Decisões de milhões com reflexões de centavos

Decisões patrimoniais de milhões costumam falhar por um motivo silencioso: a pergunta inicial é pequena demais.

Gasta-se muito tempo avaliando onde rende mais e quase nenhum tempo entendendo para quê. Discute-se o meio antes de definir o destino.

O problema é que decisões grandes raramente sobrevivem a perguntas pequenas.

Se você está começando agora ou se já possui uma carteira robusta, o ruído é o mesmo: gráficos, taxas e uma enxurrada de informações diárias.

Mas, enquanto o mundo digital acelera, uma verdade física permanece:

"as pessoas sempre precisarão ocupar espaços."

Podem mudar os formatos, a arquitetura e os preços. Mas a demanda por solo > para morar, trabalhar, proteger e existir > é uma das poucas constantes da história humana.

O imóvel não é apenas um número em uma tela; é o chão onde a economia acontece.


O patrimônio como bagagem

Construir patrimônio é, em última análise, uma escolha de bagagem. O erro de muitos investidores é carregar malas grandes demais para trajetos curtos, ou malas sofisticadas que não servem para o terreno que estão pisando.

Pior ainda: manter malas pesadas guardadas no porão, sem uso, enquanto pagam o preço da manutenção e da liquidez perdida.

O problema raramente está no ativo em si.

Está na incoerência:

  • Do jovem que imobiliza capital antes dos 40 e descobre que a melhor década para arriscar ficou no passado.

  • Do herdeiro que mantém o imóvel vazio enquanto drena caixa com condomínio, IPTU e manutenção.

  • Do ansioso que compra ou vende movido pela opinião do cunhado ou pela manchete da semana > sem critério autêntico.

  • Do cético que evita imóveis há anos porque "não rende" e deixa o patrimônio à mercê de qualquer instabilidade política ou surpresa do mercado financeiro.

"O erro mais comum não está na escolha do ativo, mas na ausência de critério próprio."

Quando a decisão não nasce de uma leitura coerente do mercado combinada com o seu momento real de vida, ela nasce por osmose: absorvendo opiniões e ciclos que pertencem a outros.

O resultado?

Um desalinhamento entre o meio (imóvel) e o fim (sua vida).


O mito do rendimento isolado

A obsessão pelo rendimento imediato é a armadilha do amador.

Mas ignorar o rendimento por medo ou preconceito é a armadilha do teórico.

A verdade está nos detalhes.
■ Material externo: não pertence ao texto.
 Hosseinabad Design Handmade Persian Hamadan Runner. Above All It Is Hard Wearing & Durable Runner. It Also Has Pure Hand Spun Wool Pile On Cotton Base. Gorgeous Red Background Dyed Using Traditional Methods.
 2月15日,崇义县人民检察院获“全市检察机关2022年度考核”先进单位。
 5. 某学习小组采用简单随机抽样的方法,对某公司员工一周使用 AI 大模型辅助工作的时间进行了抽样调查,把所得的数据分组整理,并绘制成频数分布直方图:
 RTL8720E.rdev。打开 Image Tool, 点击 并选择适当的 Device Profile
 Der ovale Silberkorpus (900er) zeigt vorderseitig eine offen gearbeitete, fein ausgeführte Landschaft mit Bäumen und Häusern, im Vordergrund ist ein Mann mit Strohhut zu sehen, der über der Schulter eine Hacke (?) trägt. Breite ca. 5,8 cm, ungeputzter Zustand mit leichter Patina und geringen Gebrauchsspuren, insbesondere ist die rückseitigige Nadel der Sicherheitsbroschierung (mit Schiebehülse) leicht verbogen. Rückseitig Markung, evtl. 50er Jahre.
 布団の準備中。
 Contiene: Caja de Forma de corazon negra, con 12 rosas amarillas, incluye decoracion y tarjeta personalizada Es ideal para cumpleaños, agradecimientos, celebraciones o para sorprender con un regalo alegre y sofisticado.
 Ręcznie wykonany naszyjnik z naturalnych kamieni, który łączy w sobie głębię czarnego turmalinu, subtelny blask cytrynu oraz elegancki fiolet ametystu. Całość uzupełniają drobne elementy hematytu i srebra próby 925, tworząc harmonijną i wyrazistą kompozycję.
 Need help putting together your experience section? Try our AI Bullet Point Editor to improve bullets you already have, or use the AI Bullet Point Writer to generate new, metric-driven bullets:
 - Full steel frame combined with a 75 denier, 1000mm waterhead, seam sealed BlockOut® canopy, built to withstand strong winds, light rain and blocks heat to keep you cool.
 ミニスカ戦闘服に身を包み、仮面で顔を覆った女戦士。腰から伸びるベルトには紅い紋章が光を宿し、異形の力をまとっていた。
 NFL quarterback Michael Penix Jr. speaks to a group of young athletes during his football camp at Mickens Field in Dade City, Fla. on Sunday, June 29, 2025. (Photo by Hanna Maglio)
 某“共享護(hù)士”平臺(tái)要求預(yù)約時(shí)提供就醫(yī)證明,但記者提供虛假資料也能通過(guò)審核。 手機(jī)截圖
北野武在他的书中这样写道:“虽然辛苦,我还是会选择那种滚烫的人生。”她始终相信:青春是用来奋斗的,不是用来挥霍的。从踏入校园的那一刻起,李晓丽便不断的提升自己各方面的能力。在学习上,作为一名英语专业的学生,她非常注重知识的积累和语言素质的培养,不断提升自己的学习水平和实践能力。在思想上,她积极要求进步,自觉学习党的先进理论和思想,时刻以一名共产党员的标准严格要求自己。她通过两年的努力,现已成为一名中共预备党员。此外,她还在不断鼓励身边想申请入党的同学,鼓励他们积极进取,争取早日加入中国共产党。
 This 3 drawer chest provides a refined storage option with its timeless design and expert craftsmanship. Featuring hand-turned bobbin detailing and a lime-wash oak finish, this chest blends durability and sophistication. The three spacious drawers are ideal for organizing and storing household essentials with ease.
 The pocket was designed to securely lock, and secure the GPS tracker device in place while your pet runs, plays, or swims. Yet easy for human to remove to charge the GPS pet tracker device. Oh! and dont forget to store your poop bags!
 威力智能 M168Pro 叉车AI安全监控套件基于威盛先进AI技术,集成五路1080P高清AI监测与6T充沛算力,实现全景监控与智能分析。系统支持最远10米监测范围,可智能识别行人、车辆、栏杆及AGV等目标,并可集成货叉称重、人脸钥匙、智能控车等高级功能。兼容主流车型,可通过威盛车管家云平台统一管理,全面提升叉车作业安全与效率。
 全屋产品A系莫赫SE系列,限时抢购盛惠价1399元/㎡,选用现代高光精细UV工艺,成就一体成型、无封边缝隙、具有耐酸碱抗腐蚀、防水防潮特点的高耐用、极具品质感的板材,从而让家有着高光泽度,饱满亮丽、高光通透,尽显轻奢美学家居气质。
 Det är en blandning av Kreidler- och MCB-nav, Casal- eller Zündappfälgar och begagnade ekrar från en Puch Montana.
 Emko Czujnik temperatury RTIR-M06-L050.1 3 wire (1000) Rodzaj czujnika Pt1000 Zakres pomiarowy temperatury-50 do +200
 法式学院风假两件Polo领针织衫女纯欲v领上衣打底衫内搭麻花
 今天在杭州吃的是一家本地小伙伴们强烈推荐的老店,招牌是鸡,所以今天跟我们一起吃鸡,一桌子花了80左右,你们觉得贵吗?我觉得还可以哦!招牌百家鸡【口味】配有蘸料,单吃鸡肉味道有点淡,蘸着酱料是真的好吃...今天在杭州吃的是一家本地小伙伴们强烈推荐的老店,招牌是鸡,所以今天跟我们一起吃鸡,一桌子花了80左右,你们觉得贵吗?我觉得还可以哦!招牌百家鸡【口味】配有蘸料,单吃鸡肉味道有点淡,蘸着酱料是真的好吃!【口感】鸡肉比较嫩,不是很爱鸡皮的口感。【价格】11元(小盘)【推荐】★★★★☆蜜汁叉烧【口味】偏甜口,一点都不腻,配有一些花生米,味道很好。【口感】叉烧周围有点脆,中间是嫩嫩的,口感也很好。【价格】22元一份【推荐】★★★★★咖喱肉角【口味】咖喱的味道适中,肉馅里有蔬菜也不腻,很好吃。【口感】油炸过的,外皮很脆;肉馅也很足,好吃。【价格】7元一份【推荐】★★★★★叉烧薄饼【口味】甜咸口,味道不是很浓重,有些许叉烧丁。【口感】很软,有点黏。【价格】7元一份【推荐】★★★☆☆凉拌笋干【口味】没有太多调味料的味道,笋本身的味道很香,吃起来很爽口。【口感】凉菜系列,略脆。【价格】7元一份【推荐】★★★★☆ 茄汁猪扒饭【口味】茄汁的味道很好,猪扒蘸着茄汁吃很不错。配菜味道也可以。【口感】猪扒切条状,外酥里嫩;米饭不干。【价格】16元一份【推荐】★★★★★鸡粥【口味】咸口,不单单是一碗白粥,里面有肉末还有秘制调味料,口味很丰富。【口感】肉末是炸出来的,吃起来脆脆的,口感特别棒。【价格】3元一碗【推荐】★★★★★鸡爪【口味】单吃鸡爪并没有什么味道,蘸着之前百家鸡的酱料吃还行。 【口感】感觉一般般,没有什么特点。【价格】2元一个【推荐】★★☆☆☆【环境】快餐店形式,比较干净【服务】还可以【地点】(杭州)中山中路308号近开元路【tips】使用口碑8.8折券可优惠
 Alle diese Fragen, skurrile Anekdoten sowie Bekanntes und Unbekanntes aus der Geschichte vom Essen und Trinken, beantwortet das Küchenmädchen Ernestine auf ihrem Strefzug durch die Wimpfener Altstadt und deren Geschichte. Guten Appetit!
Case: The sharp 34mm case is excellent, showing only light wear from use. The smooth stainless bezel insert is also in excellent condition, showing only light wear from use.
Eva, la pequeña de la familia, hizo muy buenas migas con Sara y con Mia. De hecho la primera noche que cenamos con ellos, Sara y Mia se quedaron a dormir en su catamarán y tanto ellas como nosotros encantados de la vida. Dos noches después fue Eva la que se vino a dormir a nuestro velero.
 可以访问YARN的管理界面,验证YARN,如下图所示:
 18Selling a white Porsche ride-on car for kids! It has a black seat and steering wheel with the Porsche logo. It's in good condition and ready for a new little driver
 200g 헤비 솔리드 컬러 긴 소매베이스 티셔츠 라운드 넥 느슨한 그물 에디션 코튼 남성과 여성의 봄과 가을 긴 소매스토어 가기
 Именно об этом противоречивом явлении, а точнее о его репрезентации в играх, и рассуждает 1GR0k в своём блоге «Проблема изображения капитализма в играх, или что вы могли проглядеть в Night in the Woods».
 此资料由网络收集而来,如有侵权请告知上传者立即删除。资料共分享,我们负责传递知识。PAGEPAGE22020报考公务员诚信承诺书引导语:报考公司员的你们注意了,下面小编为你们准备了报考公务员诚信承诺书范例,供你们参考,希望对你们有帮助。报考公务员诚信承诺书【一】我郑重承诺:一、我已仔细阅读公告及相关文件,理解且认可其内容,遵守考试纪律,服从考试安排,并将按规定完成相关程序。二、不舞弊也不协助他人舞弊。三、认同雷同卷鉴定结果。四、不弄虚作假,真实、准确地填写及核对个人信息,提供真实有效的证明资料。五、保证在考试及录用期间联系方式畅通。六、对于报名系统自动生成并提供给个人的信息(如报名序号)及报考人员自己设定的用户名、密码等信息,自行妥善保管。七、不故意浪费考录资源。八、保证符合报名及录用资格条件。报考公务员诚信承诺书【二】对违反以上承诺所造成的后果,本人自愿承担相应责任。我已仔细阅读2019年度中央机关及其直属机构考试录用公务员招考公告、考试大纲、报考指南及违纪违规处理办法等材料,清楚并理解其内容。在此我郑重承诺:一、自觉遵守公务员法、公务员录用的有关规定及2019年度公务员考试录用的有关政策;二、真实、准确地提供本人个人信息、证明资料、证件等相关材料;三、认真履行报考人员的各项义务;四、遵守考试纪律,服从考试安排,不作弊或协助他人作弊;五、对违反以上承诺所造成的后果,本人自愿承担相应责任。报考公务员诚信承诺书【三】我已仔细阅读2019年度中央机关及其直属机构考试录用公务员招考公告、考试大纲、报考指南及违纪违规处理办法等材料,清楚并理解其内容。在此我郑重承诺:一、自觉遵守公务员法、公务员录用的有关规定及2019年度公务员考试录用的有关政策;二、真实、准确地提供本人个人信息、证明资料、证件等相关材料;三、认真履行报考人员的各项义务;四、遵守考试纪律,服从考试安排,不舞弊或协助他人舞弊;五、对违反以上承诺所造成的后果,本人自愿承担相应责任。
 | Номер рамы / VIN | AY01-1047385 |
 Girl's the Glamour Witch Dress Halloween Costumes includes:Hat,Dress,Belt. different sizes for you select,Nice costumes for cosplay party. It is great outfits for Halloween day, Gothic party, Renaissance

Veja este exemplo real:

O apartamento onde moro hoje, no litoral de SC, valorizou 260% em 6 anos. No mesmo período, um imóvel de tamanho equivalente em outra cidade, com padrão construtivo superior, valorizou apenas 40%.

A diferença não foi sorte. Foi a convergência de quatro variáveis: um vetor de crescimento claro, demanda reprimida, terrenos baratos na época da compra e a urgência do vendedor.

Remova uma dessas variáveis e o resultado seria comum.

É isso que quase ninguém entende: os ciclos não são lineares. São ciclos dentro de ciclos.
  • Você pode estar no timing certo do país errado.

  • Ou na cidade certa do bairro errado.

  • Ou no bairro certo do empreendimento errado.

O imóvel não é o jogo do curto prazo (a menos que você seja o construtor e esteja lendo bem o mercado). Para todos os outros, ele entrega o que a liquidez imediata não consegue: direção e estrutura. 

Mas isso só acontece quando você lê o mapa completo, não apenas um indicador isolado.


O papel do imóvel no "agora"

Vivemos um momento de saturação. Reforma tributária, taxas oscilantes e um mar de palpites. O ruído nunca foi tão alto.

Com as mudanças na tributação de dividendos e alugueis, o debate finalmente sai do "onde pago menos imposto" e volta para onde sempre deveria estar: qual ativo cumpre a função que eu preciso nesse momento da minha vida?.

Tratar o imóvel apenas como um número frio ignora sua utilidade. Tratá-lo apenas como um "sonho" ignora sua inteligência financeira.

Ele resolve problemas reais: dá operação a um negócio, moradia a uma família e estrutura a uma cidade.

Toda decisão patrimonial cobra um preço.

O maior risco é pagar esse preço sem entender o que você está agregando à sua bagagem — ou o que está deixando de ganhar por medo de se movimentar.


Agora, me conta: o que pesa mais hoje na sua conta? O risco de se movimentar sem um sentido claro ou o custo de ficar exatamente onde está?

6 comentários


Joao Lucas Alves batista
Joao Lucas Alves batista
há 2 dias

Texto excelente e muito provocativo. Gostei especialmente da ideia de que o imóvel não pode ser tratado nem como “número frio”, nem apenas como “sonho”, mas como um ativo que precisa cumprir uma função real no momento de vida de cada pessoa.


Hoje, o velho “quem compra terra não erra” já não se sustenta sozinho: sem estratégia, critério e alinhamento com o perfil do investidor, o risco é transformar patrimônio em peso. O texto acerta ao levantar essas reflexões e deixa a provocação final certa: investir sem um sentido claro pode custar mais caro do que simplesmente não se mover.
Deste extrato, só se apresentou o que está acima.